L'ex capo delle negoziazioni sul clima delle Nazioni Unite afferma che l'ordine esecutivo dell'amministrazione Trump che ripropone le normative sull'energia non deraglierà il punto di riferimento dell'accordo sui cambiamenti climatici di Parigi.

Christiana Figueres, che ha portato quasi paesi 200 a un duro accordo internazionale sui cambiamenti climatici a dicembre 2015, afferma che i cambiamenti delle politiche statunitensi sono un "triste commento" sulla visione del mondo dell'attuale amministrazione, ma che altri paesi rimangono dedicati al clima delle Nazioni Unite accordo.

"Questo è un trattato multilaterale che è già stato ratificato dai paesi 140 e conta, e sicuramente non è a rischio", ha detto Figueres in un'intervista a The World.

"Un paese può scegliere di parcheggiare se stesso, se vuoi, a margine di un'autostrada che ci sta portando molto rapidamente verso la decarbonizzazione, ma [che] non cambia la direzione di viaggio di tutto il resto dei paesi".

Non tutti sono d'accordo.

Oliver Geden, dell'Istituto tedesco per gli affari internazionali e di sicurezza, ha detto a Reuters che un ritiro degli Stati Uniti avrebbe compromesso gravemente l'accordo di Parigi.
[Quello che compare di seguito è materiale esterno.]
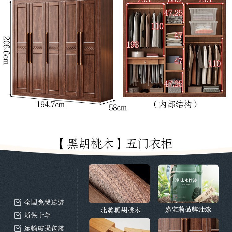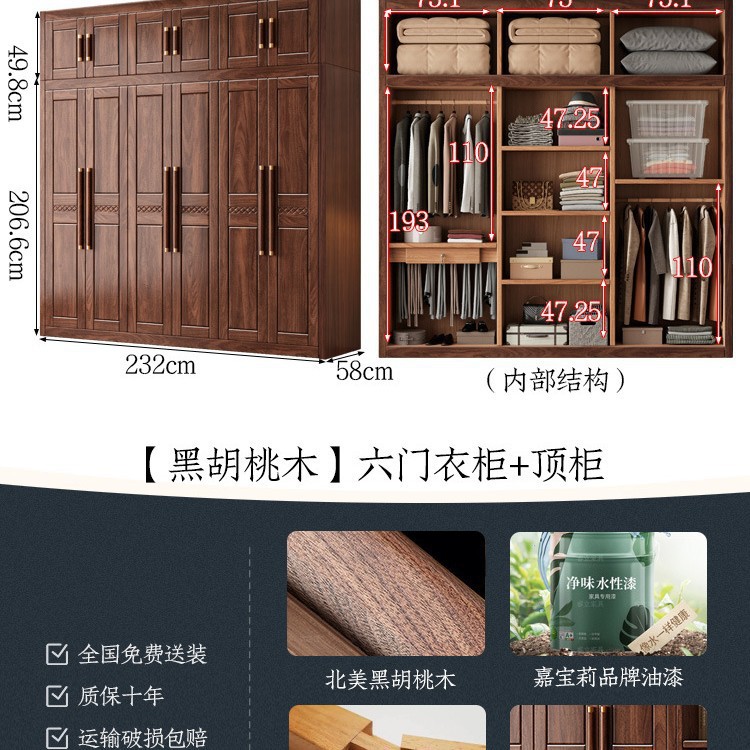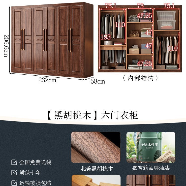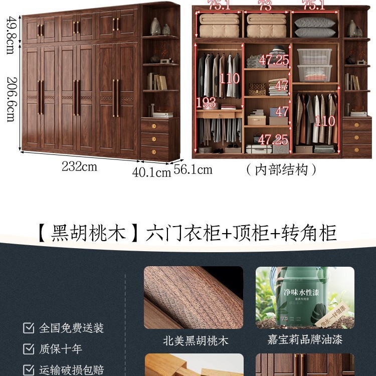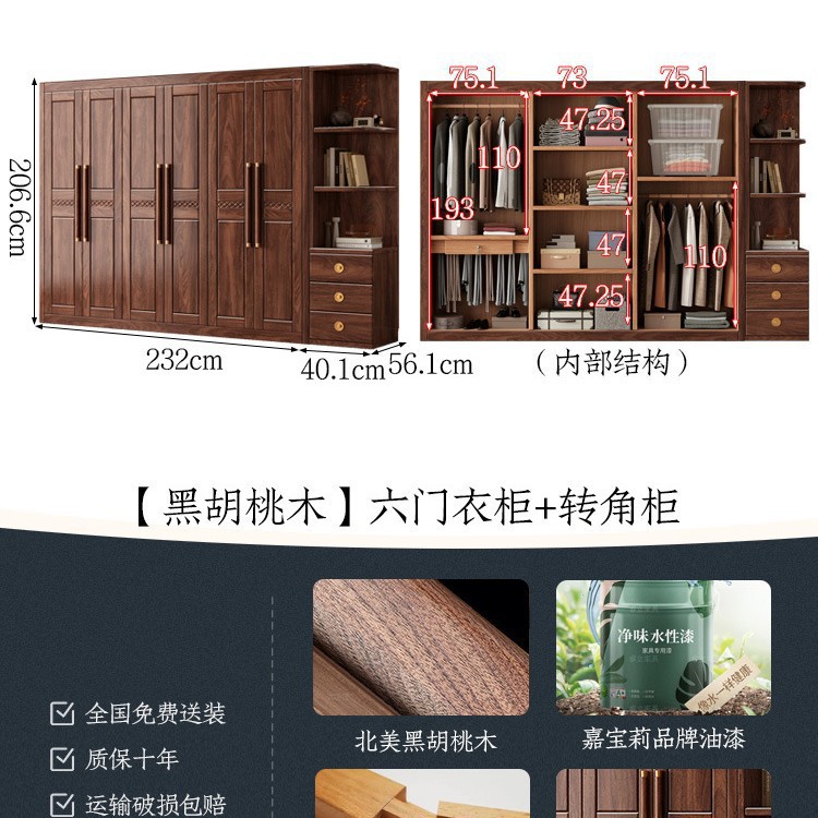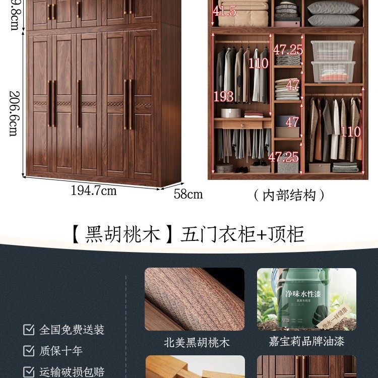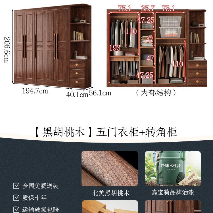 블랙 호두 우드 솔리드 우드 옷장 홈 침실 오픈 도어 스토리지 캐비닛 작은 아파트 새로운 중국 스타일 옷장스토어 가기
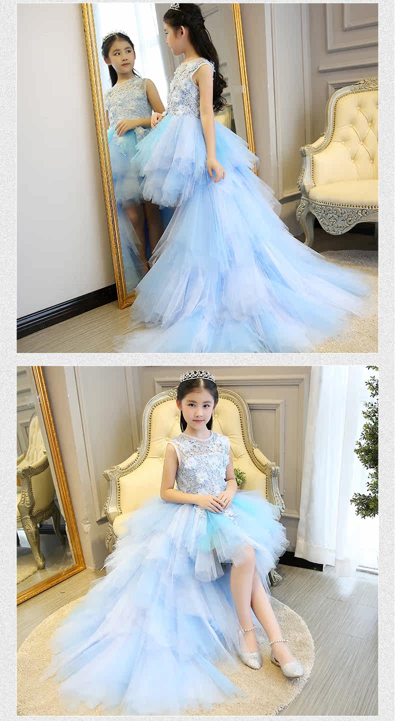 Children baby flower girl formal evening tail dress ball gowns prom wedding bridesmaid kid clothes beautiful princess party
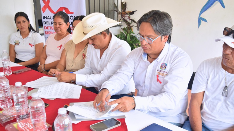 San Pedro Pochutla, Oax. 4 de julio de 2025.- El Consejo Estatal para la Prevención y Control del Sida (Coesida) instaló un nuevo punto fijo de detección del Virus de Inmunodeficiencia Humana (VIH), sífilis y hepatitis C en Puerto Ángel, y firmó un convenio de colaboración con autoridades de esta agencia municipal.
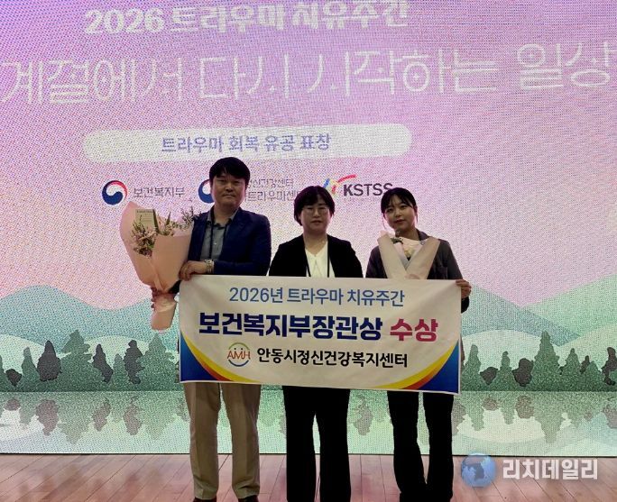리치데일리 김상현 기자 | 안동시정신건강복지센터는 20일 국립정신건강센터에서 열린 보건복지부 주최 ‘2026년 트라우마 치유주간’ 시상식에서, 산불 재난 경험자의 심리 회복을 위해 헌신한 공로를 인정받아 보건복지부 장관 표창을 수상했다고 밝혔다.

Qualsiasi decisione sarebbe in gran parte irrilevante senza la più grande economia del mondo, ha detto.

"Lo slancio potrebbe svanire molto presto", ha previsto.

Il presidente Donald Trump ha firmato il suo ordine di "Indipendenza energetica" martedì pomeriggio per ripristinare il Clean Power Plan, un regolamento dell'era Obama che avrebbe richiesto agli stati di ridurre l'inquinamento da carbonio della generazione di elettricità di circa un terzo di 2030.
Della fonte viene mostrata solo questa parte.